Regarding transfer taxes, the gift tax exemption increased to $5 million this year, unifying it with the estate tax, and the rate for both levies is now 35%. These attractive parameters expire at the end of 2012, but don't let clients wait until the last minute to gift, recommends estate planner Katie Colombo. "We're telling clients to act now because Congress could close this window at any time," says Colombo, an attorney at Oshins & Associates LLC, in Las Vegas.

"But there is a potential for clawback, or recapture," warns Clark, the Minneapolis CPA. Suppose a client gifts $5 million tax-free under current rules. Further suppose that after 2012 the estate tax returns to a $1 million exemption, which will happen without any new legislation, and the client dies then. In that case, many observers interpret current law to say that the estate would owe tax on $4 million-the amount gifted tax-free during life ($5 million) minus the exemption allowed at death ($1 million).

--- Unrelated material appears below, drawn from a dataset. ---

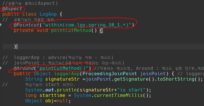 2. LogAop Class(Aspect) 클래스 파일에 해당 기능들에 어노테이션 설정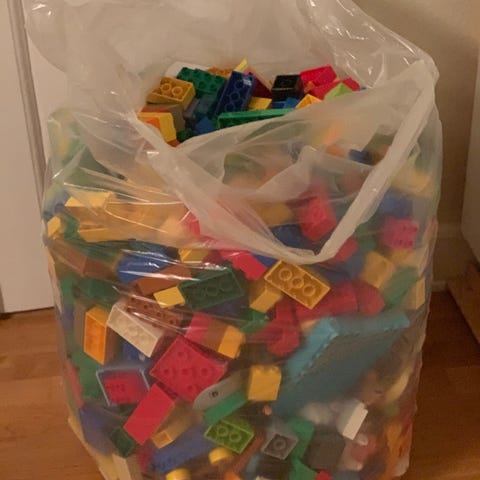 En 15 kg stor pose fyldt med blandet LEGO DUPLO. Der er til mange timers leg. Det medfølger 16 fine plader til at bygge med, som bare i sig selv koster 400 kr.

The profession widely expects Congress to clarify that gifts which are tax-free when completed remain tax-free upon death. Still, "The potential for clawback is something clients should be aware of before undertaking a gifting strategy," Clark says. Advisors need to ensure the estate has liquidity to cover the tax if the recapture ultimately applies, she adds.

Estate Tax Portability For Recent Deaths
Under a new rule, married decedents who don't use their full $5 million gift-and-estate-tax exemption may pass the unused portion to their surviving spouse, who may then add it to his or her own exemption. Portability provides "a hedge against future appreciation in the surviving spouse's estate," says Terry Headley, president of Headley Financial Group in Omaha.

To benefit under current law, both spouses would have to perish in 2011 or 2012. "We don't know if portability will be extended," says Headley. To preserve the first-to-die's unused exemption in the event portability is extended, an estate tax return must be filed for the first death and an election made. The return is due within nine months of the death plus extensions, so the clock is ticking on 2011 passings.

Depreciation Deductions Gone Wild
For business owners, the Section 179 depreciation deduction remains at its highest level ever, according to CCH's Luscombe. As much as $500,000 of the total purchase price of all new and used equipment placed in service in 2011 can be deducted on this year's business tax return, rather than spread over the life of the assets. The Section 179 deduction phases out for businesses that buy more than $2 million of qualifying property this year.

But the real action is with 100% bonus depreciation, which likewise provides an instant deduction for an asset's entire cost. Only new property qualifies for bonus depreciation. But there is no limit on how much a business can buy and write off. Better still, the deduction can be used to create a net operating loss (whereas Section 179 expensing generally can't), which in turn can nab the client a refund of previously paid taxes or offset future years' income, says Filomeno's Tedone.

Come 2012, both Section 179 depreciation and bonus deprecation offer smaller savings.

Another tip for business clients: Self-employed individuals qualify for the 2% Social Security tax holiday salaried workers are enjoying this year. The break applies to the first $106,800 of net self-employment income and should be figured into estimated tax payments.